*Problem description*. Beginning at the line that contains "Кружевная эластичная ткань" and finishing at the line that contains "管理者向けの講習では、組織の", output the data below exactly. Include both end lines and no pictures.

*Data excerpts*.
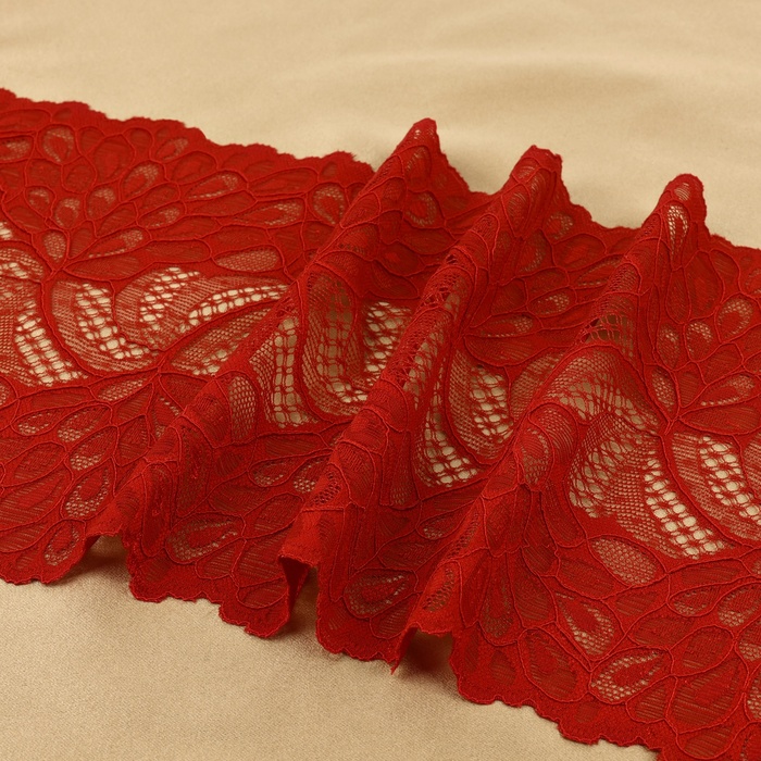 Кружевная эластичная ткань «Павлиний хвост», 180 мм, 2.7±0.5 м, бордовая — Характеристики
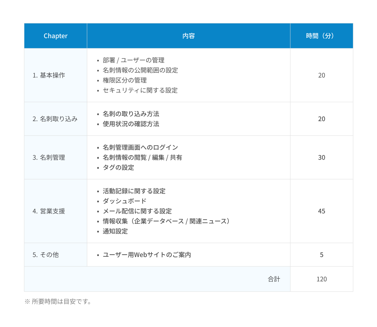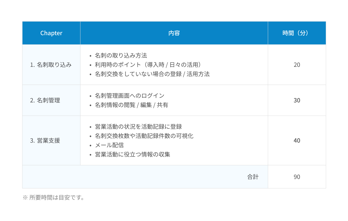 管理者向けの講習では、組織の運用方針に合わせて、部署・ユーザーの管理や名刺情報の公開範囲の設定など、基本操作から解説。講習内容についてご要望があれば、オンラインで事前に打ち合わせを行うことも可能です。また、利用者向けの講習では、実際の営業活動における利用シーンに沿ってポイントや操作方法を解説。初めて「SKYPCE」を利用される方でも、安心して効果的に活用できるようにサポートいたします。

---

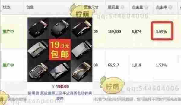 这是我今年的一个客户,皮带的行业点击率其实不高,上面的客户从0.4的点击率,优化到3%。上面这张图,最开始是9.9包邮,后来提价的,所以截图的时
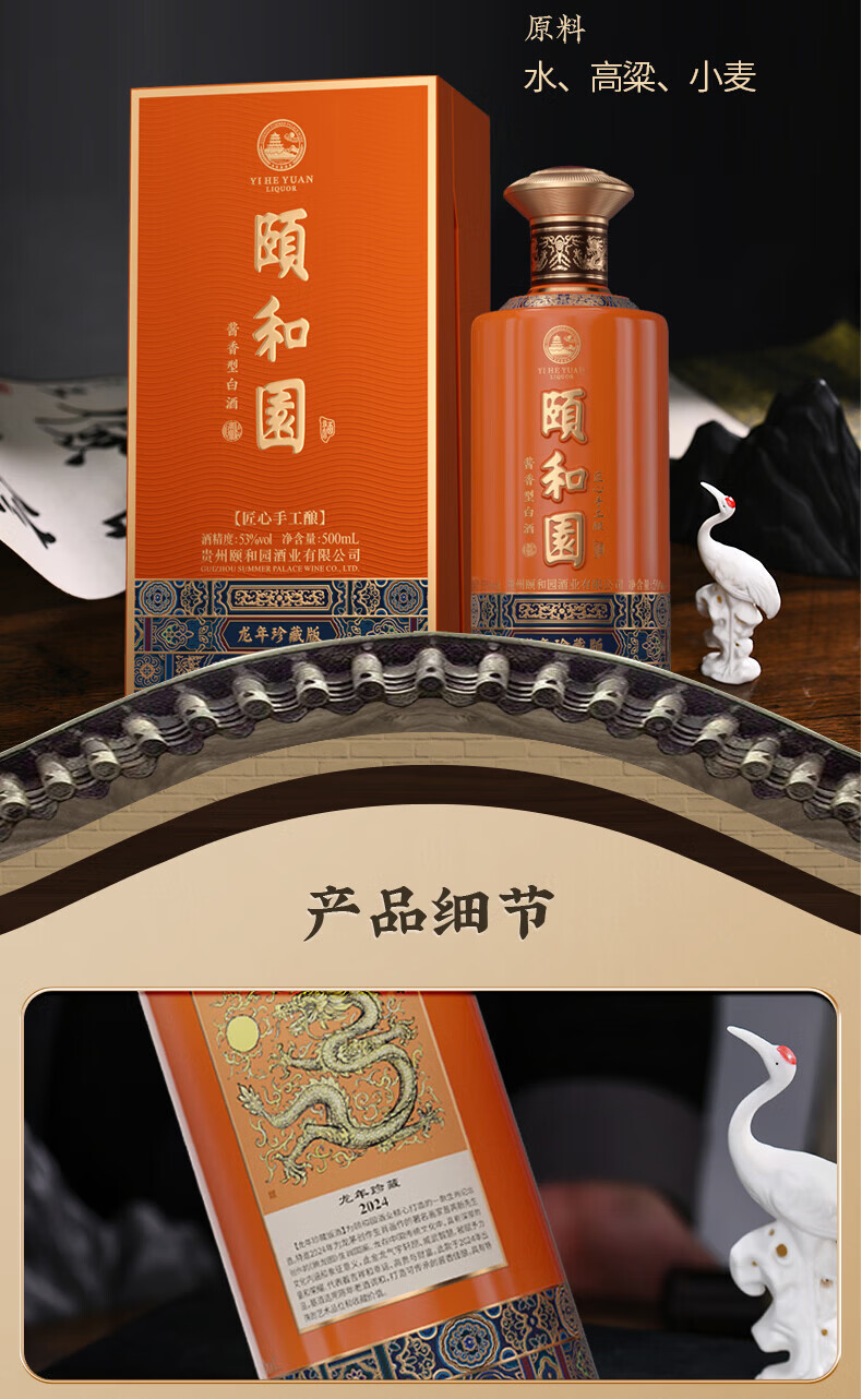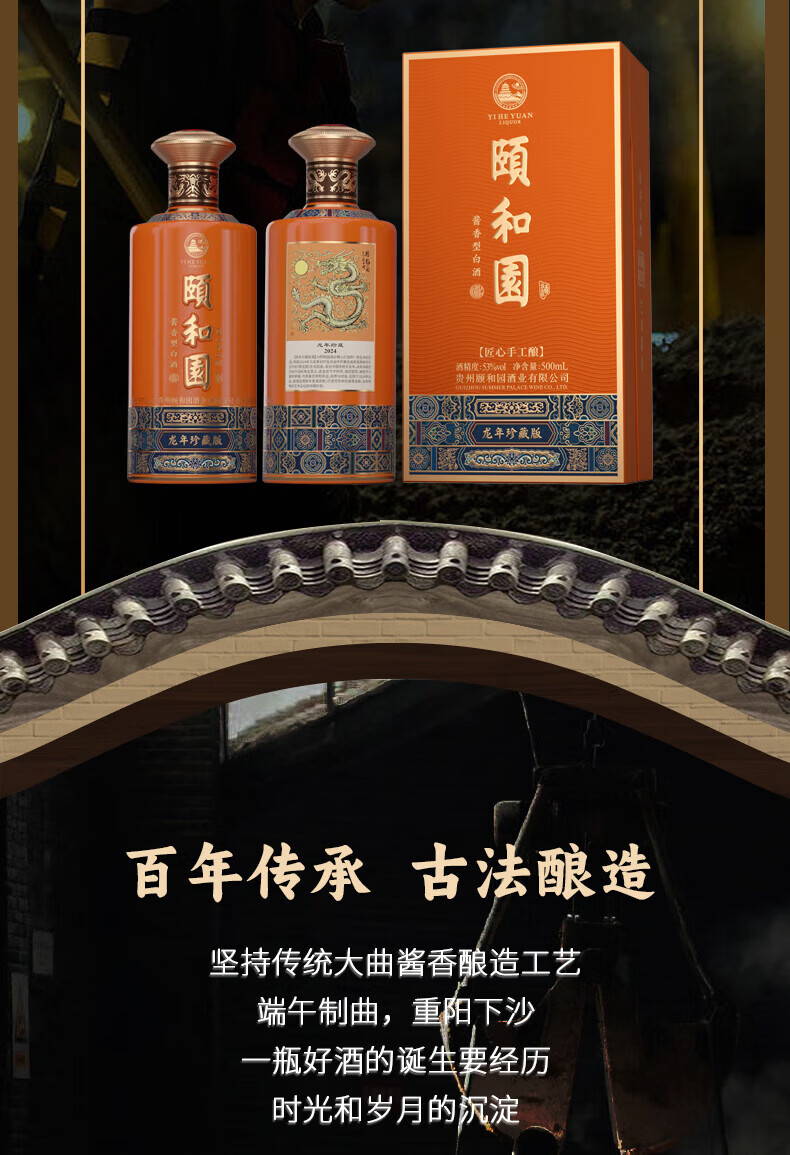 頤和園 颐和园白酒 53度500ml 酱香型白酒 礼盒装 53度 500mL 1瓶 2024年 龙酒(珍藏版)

*Task answer*.
 Кружевная эластичная ткань «Павлиний хвост», 180 мм, 2.7±0.5 м, бордовая — Характеристики
 管理者向けの講習では、組織の運用方針に合わせて、部署・ユーザーの管理や名刺情報の公開範囲の設定など、基本操作から解説。講習内容についてご要望があれば、オンラインで事前に打ち合わせを行うことも可能です。また、利用者向けの講習では、実際の営業活動における利用シーンに沿ってポイントや操作方法を解説。初めて「SKYPCE」を利用される方でも、安心して効果的に活用できるようにサポートいたします。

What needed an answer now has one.